Unjuk rasa kepala desa soal perluasan kuasanya hingga 9 tahun tanggal 17 Januari 2023 di Senayan kemarin menarik untuk dicermati, sejak libido kuasanya dibatasi pasca collaps-nya orde baru yang mencapai 8 tahun.
Tentu saja hasrat meningkatkan durasi kekuasaan itu punya alasan politik di setiap momentum demokrasi. Hal ini bisa di baca dari dialektika antara kepala desa dan aktor politisi tertentu yang membonceng di tengah perhelatan pesta demokrasi.
Secara politik, kades dan politisi pengusungnya memiliki kepentingan berbanding lurus. Kucuran dana desa triliunan rupiah selama 8 tahun terakhir memberi alasan pragmatis mengapa kades begitu antusias memperlama kuasanya.
Sementara itu, aktor penyokong APDESI di Senayan memanfaatkan keinginan memperpanjang kuasa itu sebagai alat tukar untuk meningkatkan popular vote, tidak saja bagi elektabilitas dirinya, juga partai pengusungnya. Simbiosis ini bersambut di tengah persiapan pesta demokrasi yang hanya menghitung waktu.
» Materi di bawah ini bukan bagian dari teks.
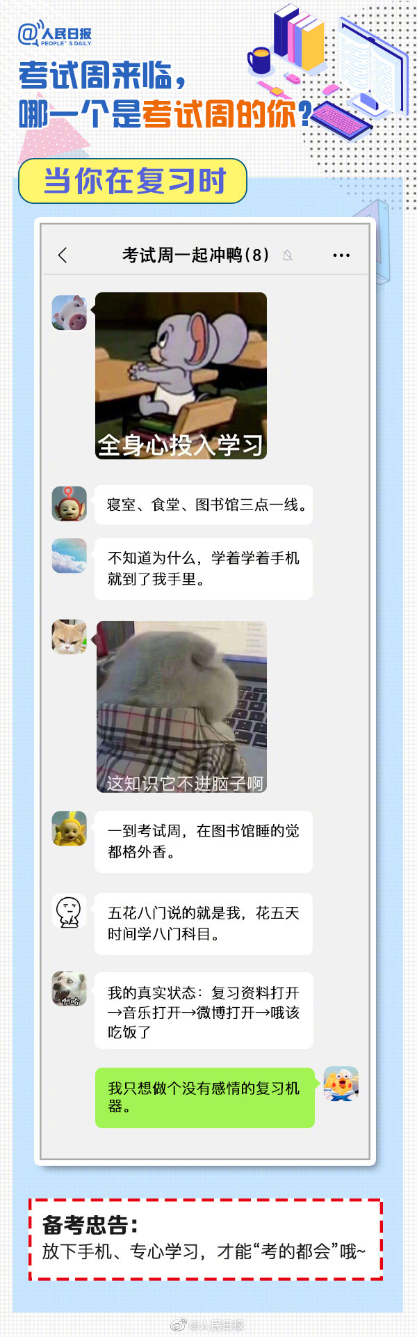 又到考試周,復(fù)習(xí)中的你,狀態(tài)如何?“寢室、食堂、圖書館三點一線”、“一天學(xué)完一本書”、“復(fù)習(xí)到頭禿”…這是考試周的你嗎?

Warisan Orba: Karakter Feodalisme Otoriter
Di masa orba, kuasa kepala desa dibatasi UU 5/74 selama 8 tahun dengan durasi maksimal 2 periode. Jauh sebelum itu masa jabatan kepala desa yang berstatus istimewa seperti volksgemenschap bisa sepanjang waktu menurut tradisi di masing-masing daerah.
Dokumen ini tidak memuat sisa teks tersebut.